Give an exact copy of the lines from the beginning of the listing below to the "这两天,金融圈银行降薪的消息" line, inclusive.

══════════

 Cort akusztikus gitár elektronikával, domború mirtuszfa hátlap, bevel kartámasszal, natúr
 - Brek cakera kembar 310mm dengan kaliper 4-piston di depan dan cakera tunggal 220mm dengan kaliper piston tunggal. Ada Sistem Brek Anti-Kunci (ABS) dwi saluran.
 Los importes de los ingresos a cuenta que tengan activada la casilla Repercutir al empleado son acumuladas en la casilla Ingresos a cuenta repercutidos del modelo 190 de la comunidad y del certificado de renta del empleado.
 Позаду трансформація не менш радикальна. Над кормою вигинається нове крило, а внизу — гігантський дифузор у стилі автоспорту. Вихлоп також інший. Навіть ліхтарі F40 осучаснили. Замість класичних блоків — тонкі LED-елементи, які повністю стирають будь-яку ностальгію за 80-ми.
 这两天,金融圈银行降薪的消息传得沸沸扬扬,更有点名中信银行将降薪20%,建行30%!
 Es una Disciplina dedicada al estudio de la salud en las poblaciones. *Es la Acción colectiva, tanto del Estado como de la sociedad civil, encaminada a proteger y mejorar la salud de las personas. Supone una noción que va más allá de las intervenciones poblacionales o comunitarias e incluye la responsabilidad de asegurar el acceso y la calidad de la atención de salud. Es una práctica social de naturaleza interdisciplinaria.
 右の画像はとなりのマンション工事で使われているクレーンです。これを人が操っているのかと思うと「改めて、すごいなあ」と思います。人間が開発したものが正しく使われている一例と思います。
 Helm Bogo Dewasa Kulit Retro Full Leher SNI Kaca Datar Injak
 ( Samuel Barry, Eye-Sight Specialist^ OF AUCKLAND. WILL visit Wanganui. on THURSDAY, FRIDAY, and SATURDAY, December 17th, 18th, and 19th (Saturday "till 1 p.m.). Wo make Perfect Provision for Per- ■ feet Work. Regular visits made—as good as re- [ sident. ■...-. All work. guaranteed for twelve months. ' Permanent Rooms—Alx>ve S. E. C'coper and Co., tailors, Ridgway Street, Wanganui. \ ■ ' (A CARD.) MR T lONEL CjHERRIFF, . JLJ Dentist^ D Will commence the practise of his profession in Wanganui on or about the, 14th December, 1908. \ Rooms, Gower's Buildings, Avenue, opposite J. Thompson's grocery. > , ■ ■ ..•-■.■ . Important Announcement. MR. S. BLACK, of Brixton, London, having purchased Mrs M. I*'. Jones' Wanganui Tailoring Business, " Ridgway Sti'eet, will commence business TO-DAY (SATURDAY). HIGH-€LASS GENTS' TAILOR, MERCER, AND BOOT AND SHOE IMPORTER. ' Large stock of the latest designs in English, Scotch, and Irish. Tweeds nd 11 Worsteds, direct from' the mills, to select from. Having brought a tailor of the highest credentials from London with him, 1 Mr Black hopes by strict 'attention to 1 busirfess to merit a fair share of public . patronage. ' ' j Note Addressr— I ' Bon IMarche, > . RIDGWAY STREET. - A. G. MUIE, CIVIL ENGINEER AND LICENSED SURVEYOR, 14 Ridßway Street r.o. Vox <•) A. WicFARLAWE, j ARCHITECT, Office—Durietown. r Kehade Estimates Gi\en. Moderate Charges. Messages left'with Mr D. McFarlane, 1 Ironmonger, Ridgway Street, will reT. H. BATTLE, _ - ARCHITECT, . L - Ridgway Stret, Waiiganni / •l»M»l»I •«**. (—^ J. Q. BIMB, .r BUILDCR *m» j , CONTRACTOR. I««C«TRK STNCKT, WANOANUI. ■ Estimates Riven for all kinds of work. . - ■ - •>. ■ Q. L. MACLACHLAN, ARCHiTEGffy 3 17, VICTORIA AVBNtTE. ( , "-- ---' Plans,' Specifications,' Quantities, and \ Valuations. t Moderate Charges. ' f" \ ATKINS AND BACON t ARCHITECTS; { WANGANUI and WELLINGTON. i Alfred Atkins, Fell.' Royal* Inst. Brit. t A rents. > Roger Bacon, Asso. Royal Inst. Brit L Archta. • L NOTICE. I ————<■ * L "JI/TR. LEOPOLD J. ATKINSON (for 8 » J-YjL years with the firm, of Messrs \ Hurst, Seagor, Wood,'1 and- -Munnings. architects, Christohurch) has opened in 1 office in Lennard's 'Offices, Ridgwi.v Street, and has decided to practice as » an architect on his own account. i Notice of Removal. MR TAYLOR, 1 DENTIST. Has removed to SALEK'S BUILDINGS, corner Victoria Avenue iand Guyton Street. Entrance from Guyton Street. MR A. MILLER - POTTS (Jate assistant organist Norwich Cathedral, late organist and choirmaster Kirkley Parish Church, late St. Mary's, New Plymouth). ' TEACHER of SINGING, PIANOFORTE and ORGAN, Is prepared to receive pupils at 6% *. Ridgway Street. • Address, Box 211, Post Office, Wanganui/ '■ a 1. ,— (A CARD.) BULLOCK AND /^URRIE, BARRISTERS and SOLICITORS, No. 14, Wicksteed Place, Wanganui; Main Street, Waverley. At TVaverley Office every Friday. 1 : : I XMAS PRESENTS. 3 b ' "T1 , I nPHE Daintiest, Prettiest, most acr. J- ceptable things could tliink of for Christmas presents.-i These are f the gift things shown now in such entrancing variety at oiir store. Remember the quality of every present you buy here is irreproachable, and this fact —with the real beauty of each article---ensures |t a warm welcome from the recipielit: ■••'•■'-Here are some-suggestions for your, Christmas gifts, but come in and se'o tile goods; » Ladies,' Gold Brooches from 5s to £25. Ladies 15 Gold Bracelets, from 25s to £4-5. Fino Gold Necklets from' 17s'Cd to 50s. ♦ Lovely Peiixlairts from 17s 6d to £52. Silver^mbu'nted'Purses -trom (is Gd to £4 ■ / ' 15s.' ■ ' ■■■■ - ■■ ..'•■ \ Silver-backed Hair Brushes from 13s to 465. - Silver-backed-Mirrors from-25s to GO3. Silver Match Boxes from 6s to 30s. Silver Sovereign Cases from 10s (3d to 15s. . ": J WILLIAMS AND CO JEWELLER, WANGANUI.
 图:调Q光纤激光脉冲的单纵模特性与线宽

══════════

» Answer to this problem:
 Cort akusztikus gitár elektronikával, domború mirtuszfa hátlap, bevel kartámasszal, natúr
 - Brek cakera kembar 310mm dengan kaliper 4-piston di depan dan cakera tunggal 220mm dengan kaliper piston tunggal. Ada Sistem Brek Anti-Kunci (ABS) dwi saluran.
 Los importes de los ingresos a cuenta que tengan activada la casilla Repercutir al empleado son acumuladas en la casilla Ingresos a cuenta repercutidos del modelo 190 de la comunidad y del certificado de renta del empleado.
 Позаду трансформація не менш радикальна. Над кормою вигинається нове крило, а внизу — гігантський дифузор у стилі автоспорту. Вихлоп також інший. Навіть ліхтарі F40 осучаснили. Замість класичних блоків — тонкі LED-елементи, які повністю стирають будь-яку ностальгію за 80-ми.
 这两天,金融圈银行降薪的消息传得沸沸扬扬,更有点名中信银行将降薪20%,建行30%!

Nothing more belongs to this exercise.